American students vary wildly in college preparedness when it comes to math. In some cases it's because they got shafted by school systems that didn't offer much. In other cases it's because there just wasn't interest.
There were people in my high school who stopped at Algebra II (the bare minimum to graduate in my district, equivalent to three years of high school math) and those who went all the way on to AP calculus or statistics. There's not necessarily anything wrong with this: if you want to be an artist or musician you don't really need to be able to work complicated math problems. Although, it has been my observation that many music majors are mathematically inclined and like to take computer science or math-related minors as fallback options in case they can't land a position after they graduate.

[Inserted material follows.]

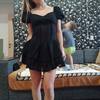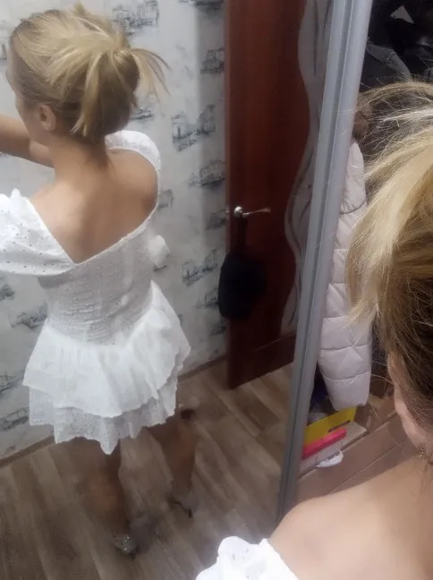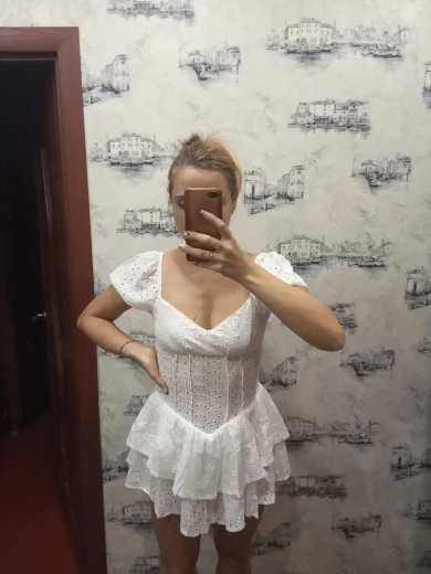 The dress is good, sewn perfectly, but the length is very short, under the skirt shorts, but they are absolutely transparent, besides the wide ones, ahead are going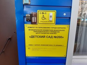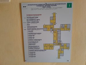 Вывеска ДОО и план в коридоре ДОО выполнены рельефно-точечным шрифтом Брайля

My undergraduate background was a dual major in electronics engineering (with computer engineering and RF/signal processing systems concentrations) and applied physics. So yes, I had a shit ton of math. The emphasis was especially on the calculus up to partial differential equations, linear algebra, vector calculus, logic, a little bit of stats and number theory, and discrete mathematics. I didn't do that much in proofs, geometry, statistics (although in retrospect I really should have done more stats beyond stats 1 since not having much stats closed a few doors in terms of science graduate programs, sadly), or topology.
Math, like many other sciences, is one of those things that you'll spend most of your education hating, and then it suddenly gets really interesting about halfway through college when you break out of the bubble of prerequisites and into things that real mathematicians actually do.